QtQML and QtQuick are still evolving rapidly. Qt 6.2 introduced many affordances. These exercises use Qt 6.3.0, the latest at the time of writing. Each application is built via CMake, recommended by the latest QML/Quick documents for the new Qt/CMake build helpers.
Note that while the software is changing so quickly, the QML/Quick documents can be confusing, often including legacy advice, even under a Qt 6.3.0 banner. Try searching for CMake examples in the Qt/Examples/Qt-6.3.0 directory -- those concrete code implementations seem to be least ambiguous.
For now, I use QtCreator to configure, build, and run. That is fine for these personal learning exercises. A more production-like environment would require standalone build scripts and run scripts.
Each application builds in a Desktop configuration, and in a WebAssembly configuration (runs in a browser).

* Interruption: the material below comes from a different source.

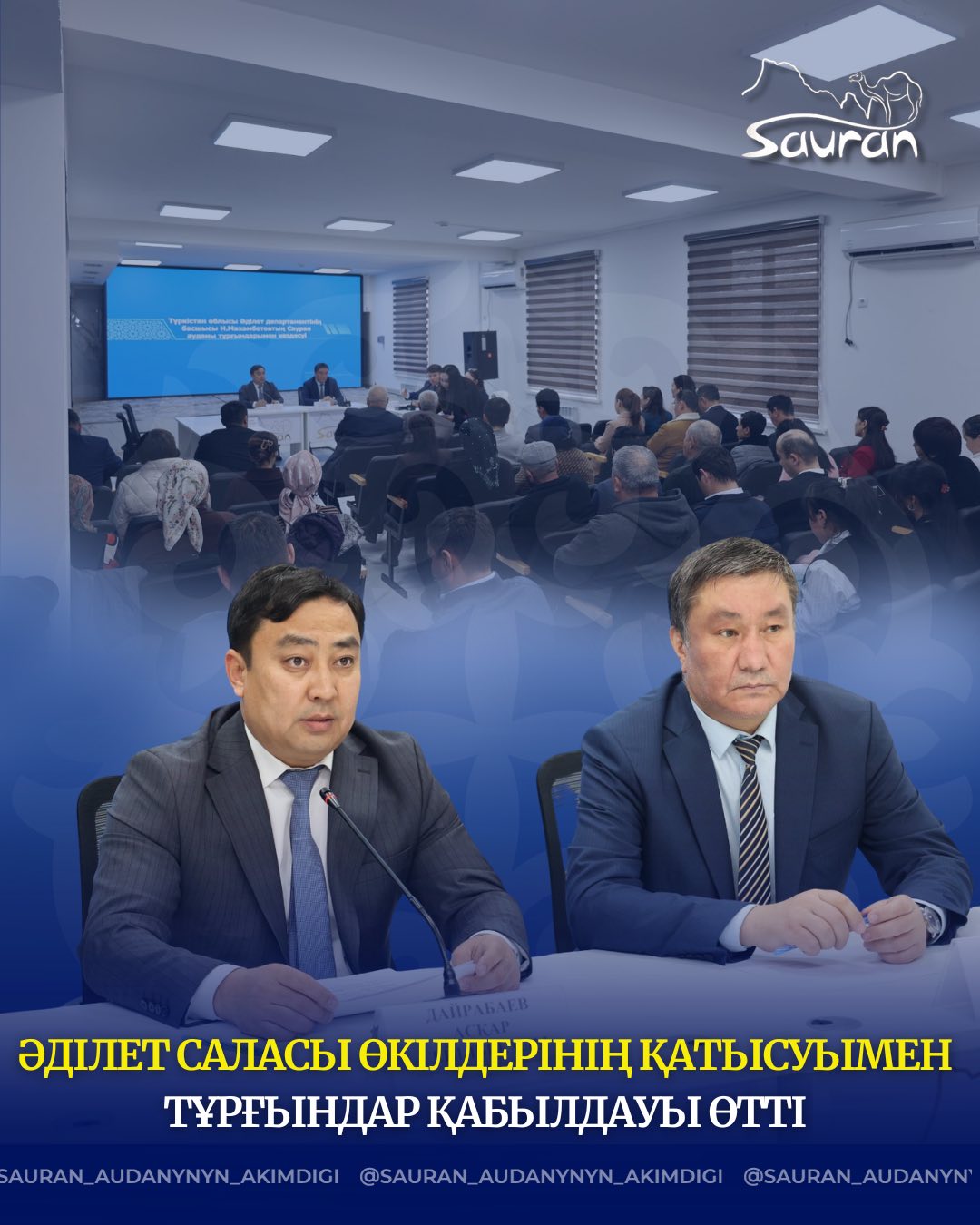 Бүгін Әділет органдарының қызметіне қатысты проблемалық мәселелерді шешу мақсатында арнайы мәжіліс өтті. Жиынды Сауран ауданы әкімі аппаратының басшысы міндетін атқарушы Асқар Дайрабаев ашып, жүргізді. Ол өз сөзінде әділет саласының халықпен тікелей жұмыс істейтін маңызды құрылым екенін атап өтіп, тұрғындар тарапынан көтеріліп жүрген өзекті мәселелерді ашық талқылаудың маңыздылығына тоқталды.

Some one-time setup is required for WebAssembly builds:
- Follow the Emscripten, Getting Started instructions -- emsdk 3.1.6 is recommended for Qt 6.3.0
- Use the Qt Maintenance tool to add the WebAssembly module to the Qt installation
That is all -- the tools for WebAssembly builds are in place.
Open one of the projects in QtCreator, create a WebAssembly build configuration, then build and run the project -- the application opens in a browser window.
The Qt documents have more details, including instructions to build and run from a command line.